* EXERCISE AIM
Transcribe the data that follows in full. Leave out the pictures.

+++ DATA PROVIDED +++

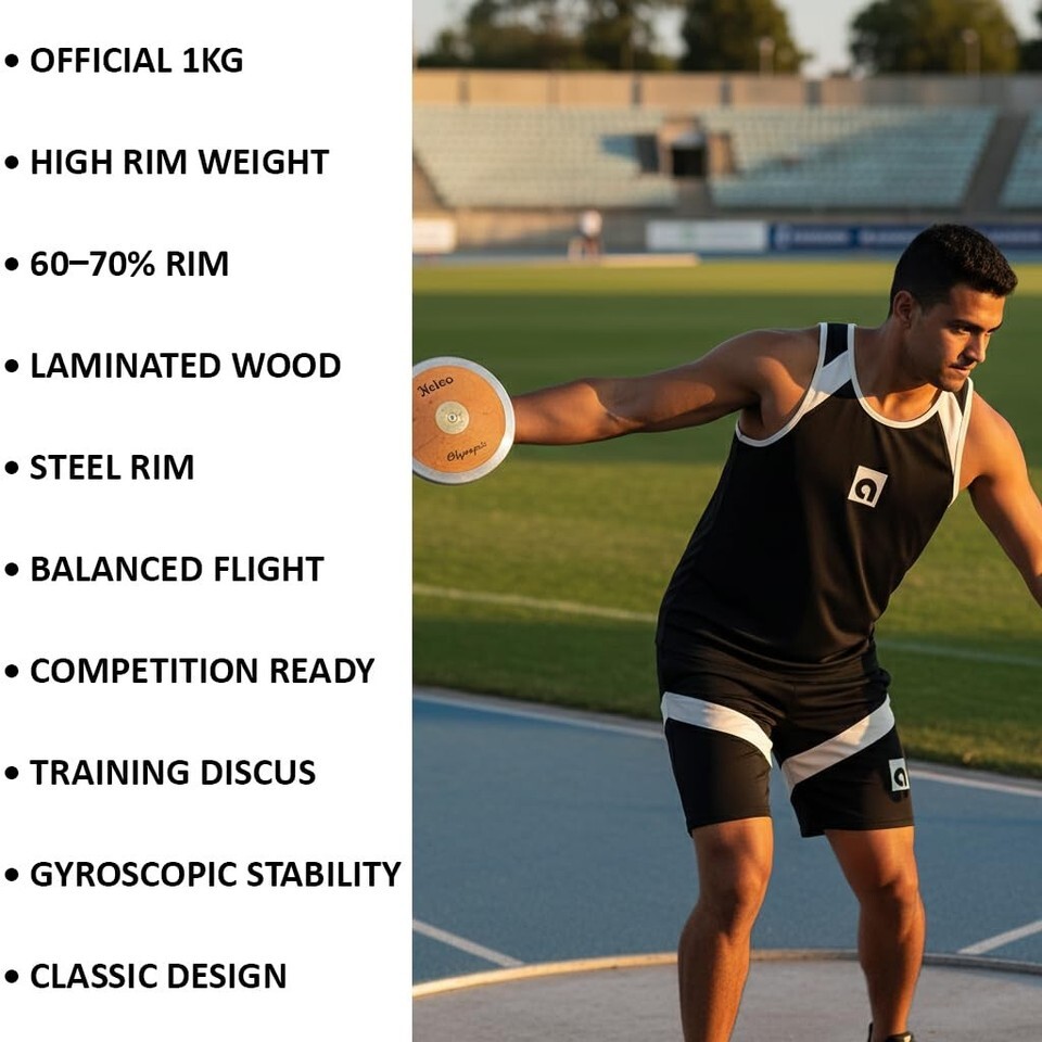 Wood Discus 1kg - Competition & Practice, Steel Rim, 60-70% Rim Weight
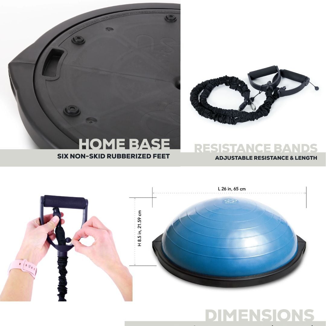 【新登場】BOSU(ボス) バランストレーナー ホーム オリジナル ブルー レジスタンスバンド付き 耐荷重136kg 直径65cm
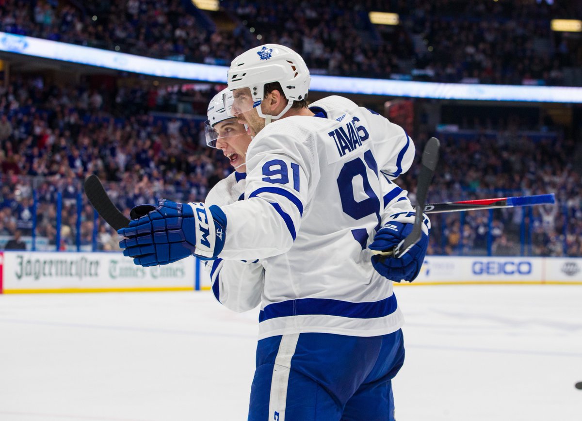 John Tavares (41-40—81) and Mitch Marner (25-61—86) are the first @MapleLeafs duo to each record 80 points in a season since Dave Andreychuk (53-46—99 in 83 GP) and Doug Gilmour (27-84—111 in 83 GP) in 1993-94. #NHLStats #TORvsBUF
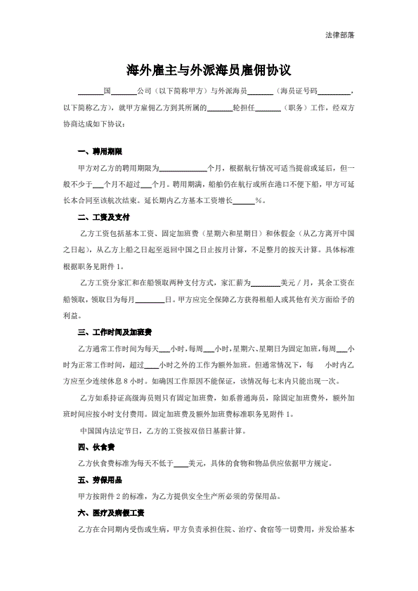海外雇主与外派海员雇佣协议
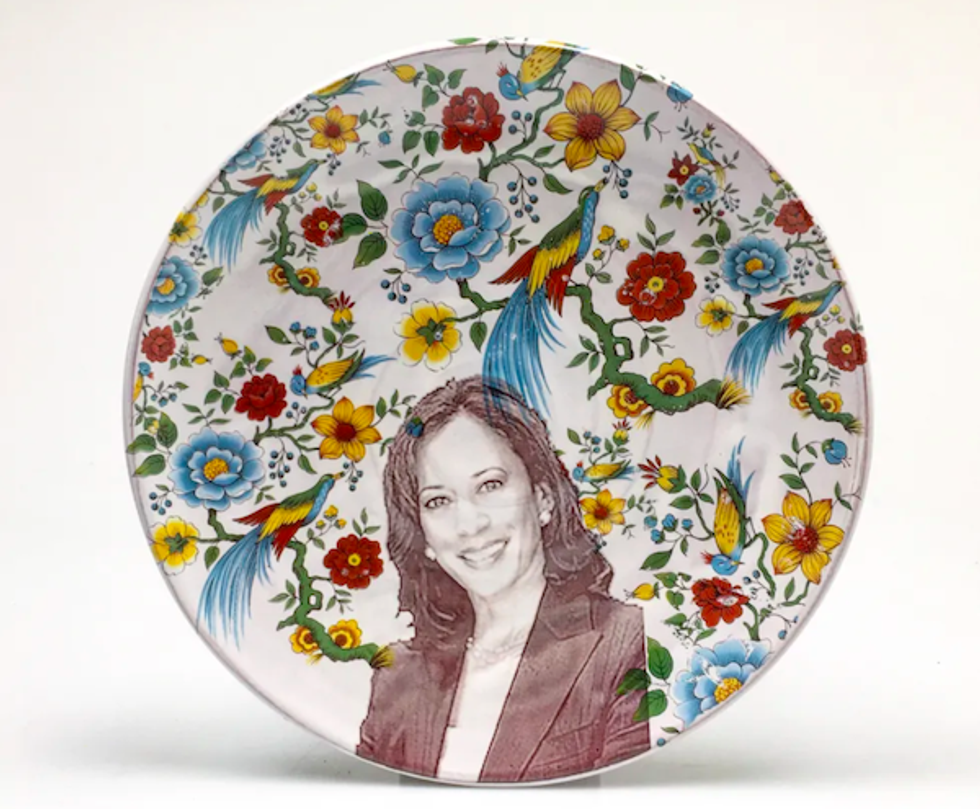 The artist's newest pieces, handcrafted of earthenware clay with a white glossy glaze, feature a smiling black-and-white image of proud Oaklander and vice presidential candidate Kamala Harris (yes!) surrounded by colorful blooms. Not only will the mugs and salad plates brighten your kitchen and your mood, the purchases help support SF's Museum of Craft and Design, which, like all museums, could really use the help right now.
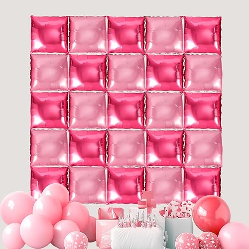 BOXOB 25pcs Kit de Mur Ballons Carrés Mylar, Double Face Toile Fond Ballons Carrés pour Mariage Fête d'Anniversaire Tunnel Enterrement Vie Jeune Fille Décoration d'Arche (Rose Rouge & Rose)

+++

* SOLUTION FOR THIS EXERCISE
 Wood Discus 1kg - Competition & Practice, Steel Rim, 60-70% Rim Weight
 【新登場】BOSU(ボス) バランストレーナー ホーム オリジナル ブルー レジスタンスバンド付き 耐荷重136kg 直径65cm
 John Tavares (41-40—81) and Mitch Marner (25-61—86) are the first @MapleLeafs duo to each record 80 points in a season since Dave Andreychuk (53-46—99 in 83 GP) and Doug Gilmour (27-84—111 in 83 GP) in 1993-94. #NHLStats #TORvsBUF
海外雇主与外派海员雇佣协议
 The artist's newest pieces, handcrafted of earthenware clay with a white glossy glaze, feature a smiling black-and-white image of proud Oaklander and vice presidential candidate Kamala Harris (yes!) surrounded by colorful blooms. Not only will the mugs and salad plates brighten your kitchen and your mood, the purchases help support SF's Museum of Craft and Design, which, like all museums, could really use the help right now.
 BOXOB 25pcs Kit de Mur Ballons Carrés Mylar, Double Face Toile Fond Ballons Carrés pour Mariage Fête d'Anniversaire Tunnel Enterrement Vie Jeune Fille Décoration d'Arche (Rose Rouge & Rose)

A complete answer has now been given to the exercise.